Freestyle Photo Editing

My usual approach to photo editing is to have a clear finished image in my mind before I start. I like to focus on this finished image to get it as clear as possible in order to plan out the change I’m going to make. Although the plans only jotted bullet points it helps reinforce the finished image in my mind.

This image is completely different.

Early morning in Padley Gorge, The Peak District.

Rather than planning out the finished result I just trusted to luck. I also didn’t spend any real time trying to imagine what it would look like when finished. In fact, it started off with me thinking the result would be a colour shot.

Here’s the starting image without any adjustment.
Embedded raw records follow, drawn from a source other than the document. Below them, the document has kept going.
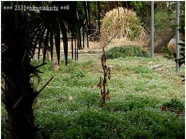 モーちゃんの右側は満開オオイヌノフグリの花畑。
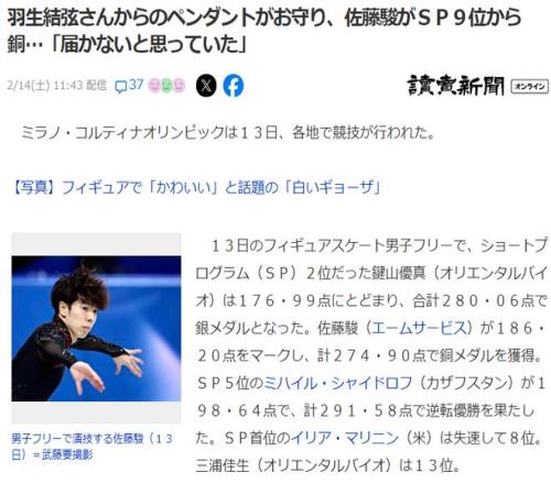 佐藤駿跟羽生結(jié)弦一樣是仙臺人,他小時候就是因為崇拜羽生結(jié)弦才進入的花滑世界。賽后他表示從羽生前輩那里得到的吊墜代替了護身符陪伴在身邊,在前幾天短節(jié)目失誤后也是看著前輩的傳奇表演“晴明”受到鼓舞才拿下的這枚銅牌。
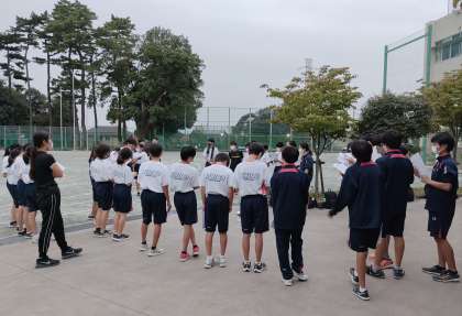 選手の皆さんが砧中の代表として、精一杯力を発揮することを期待しています。(副校長)
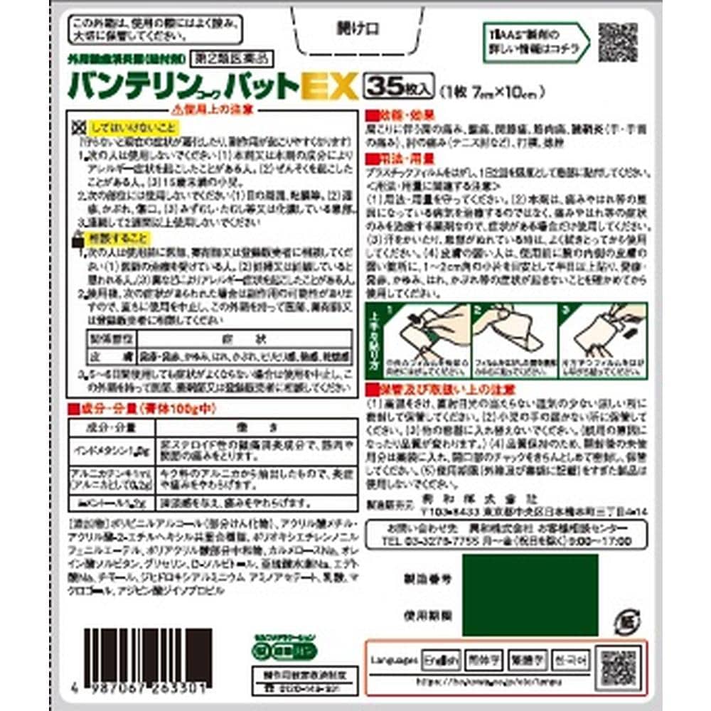 プラスチックフィルムをはがし、1日2回を限度として患部に貼付してください。
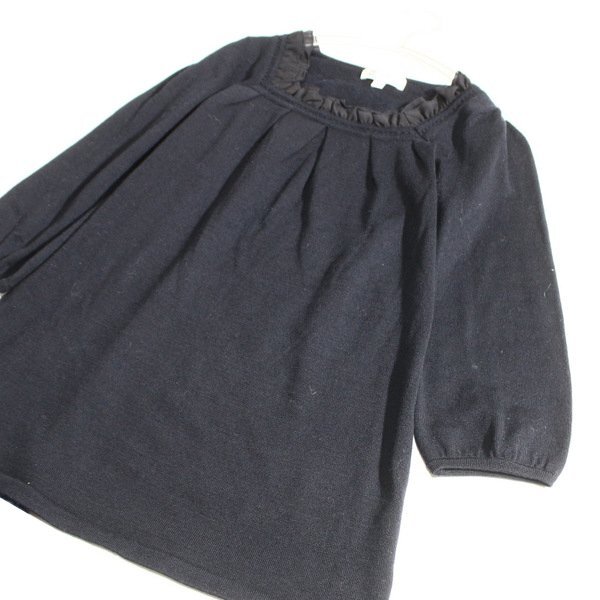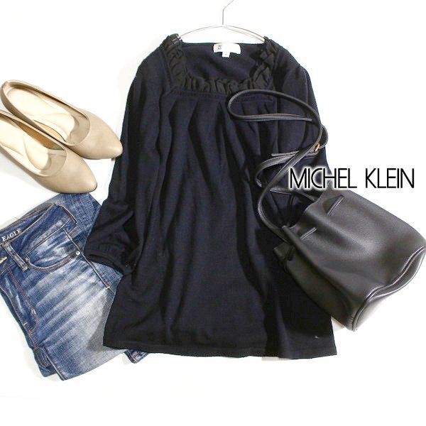 美品 MICHEL KLEIN ミッシェルクラン 大人可愛い シフォンフリル クォータースリーブ ウール ニット プルオーバー 38号 M 春 秋 冬 24C10

I can’t remember all the changes I made but it went something along the lines of the following:

Luminar 4

  • White balance and split toning to give the image a cold blue/green tint with a spooky feel.
  • Change the contrast to give a dull matt feel to the blacks.
  • Diffuser to soften the detail and make the fog/mist in the original shot more obvious.
  • Add a crop and dark vignette to focus attention on the centre of the frame.

Nik Silver Efex Pro

  • Conversion 1 on a new layer – selected a dark sepia preset from the list and then adjusted the tones to ensure the blacks don’t become too dark.
  • Conversion 2 on a new layer – used the standard conversion as a base to then emphasise the lighter tones in the image. This included using the Colour Response sliders to make the green moss glow.

Photoshop

  • Blended the two Silver Efex conversions together. Most of the image is from the dark conversion. The light conversion was them used to emphasise the highlights.

Overall, it was quite a bit of fun working like this. I’m quite pleased with the result but I can see some changes I would like to make in a future version.

I hope you like the image and have a great weekend.

10 thoughts on “Freestyle Photo Editing

  1. This is a fascinating post. I’m using the lockdown period to learn more about the possibilities of the software I use (Lightroom, Photoshop, and Nik). I’m not familiar with Luminar 4. I have a few comments:
    • In response to your Conversion 1 step, the blacks do look too black to me; all detail in the deeper shadows seems to be gone.
    • Must look into the possibilities of the color response slider; how you’ve brought out the green mossy areas is pure magic.
    • I find the vignetting too drastic. In the corners (with the exception of the upper-left one), all detail is gone. The initial impression is quite striking, to be sure, but upon deeper contemplation, I’d rather be able to see the fine structures.
    It is a lovely photo! Where was this?
    -Gary

    1. Hi Gary, I don’t think I was being clear about what I meant by a black in the image. There isn’t a true black with an RGB value of 0,0,0. The darkest shade is more like 30,30,30 which is dark grey. I also flattened the tone curve in these dark tones to remove the contrast which is why I called it a matt black. Regarding your deeper contemplation, I avoided contemplation with this image almost entirely and instead reacted to what I saw during editing. You may prefer fine structure but I think that’s a personal preference. I decreased the appearance of fine structure because I preferred this look. I guess it’s back to not everyone will like the same things. Do be sure to check out the colour response sliders in Nik Silver Efex. They can do magical things.

  2. That hefty an amount of vignetting doesn’t appeal to me but the description of the workflow was interesting.

  3. Hello Robin
    Usually, I do not apply vignetting much, if any, but in this case I find it pleasing and like it very much. The image does not pretend to be realistic, but appeals with beauty and power. I like it very much.
    You should wear a microphone and talk into it when editing freestyle 😉

    1. Thanks Robert. Great to hear you like the image. I’m not sure about wearing a mic when editing. I have tried this and find that I become completely distracted from the editing or sometimes I become so engrossed in the editing that I forget to describe what I’m doing. I guess I’m a typical man who can only do one thing at a time.

      1. Joking only. Probably because I am right now working your new Photoshop book through and being not very computer savvy I would need a teacher standing behind me 😉 Have a nice time and stay healthy!